(What to do): Restate word for word the lines of the material below, from the line with "faces of love. ●" to the line with "San Antonio. 3", both lines included, and no others.
+++ Exercise inputs
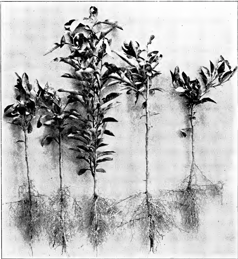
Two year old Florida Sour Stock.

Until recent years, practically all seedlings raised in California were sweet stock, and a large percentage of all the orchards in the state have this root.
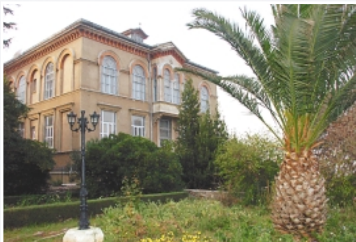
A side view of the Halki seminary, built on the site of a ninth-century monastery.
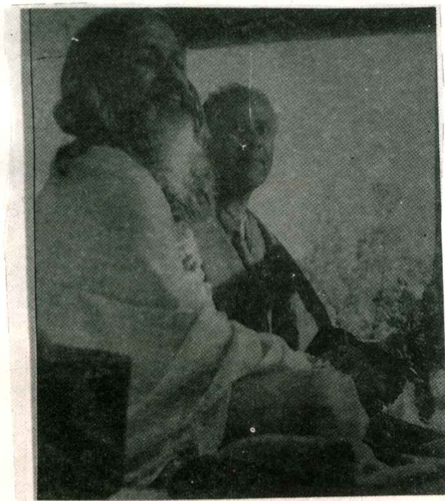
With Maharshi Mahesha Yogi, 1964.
++++++
+++ Exercise inputs
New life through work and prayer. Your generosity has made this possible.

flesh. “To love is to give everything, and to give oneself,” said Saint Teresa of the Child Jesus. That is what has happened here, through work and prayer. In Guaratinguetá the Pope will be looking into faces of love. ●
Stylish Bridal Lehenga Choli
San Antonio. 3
++++++
(Task result):
flesh. “To love is to give everything, and to give oneself,” said Saint Teresa of the Child Jesus. That is what has happened here, through work and prayer. In Guaratinguetá the Pope will be looking into faces of love. ●
Stylish Bridal Lehenga Choli
San Antonio. 3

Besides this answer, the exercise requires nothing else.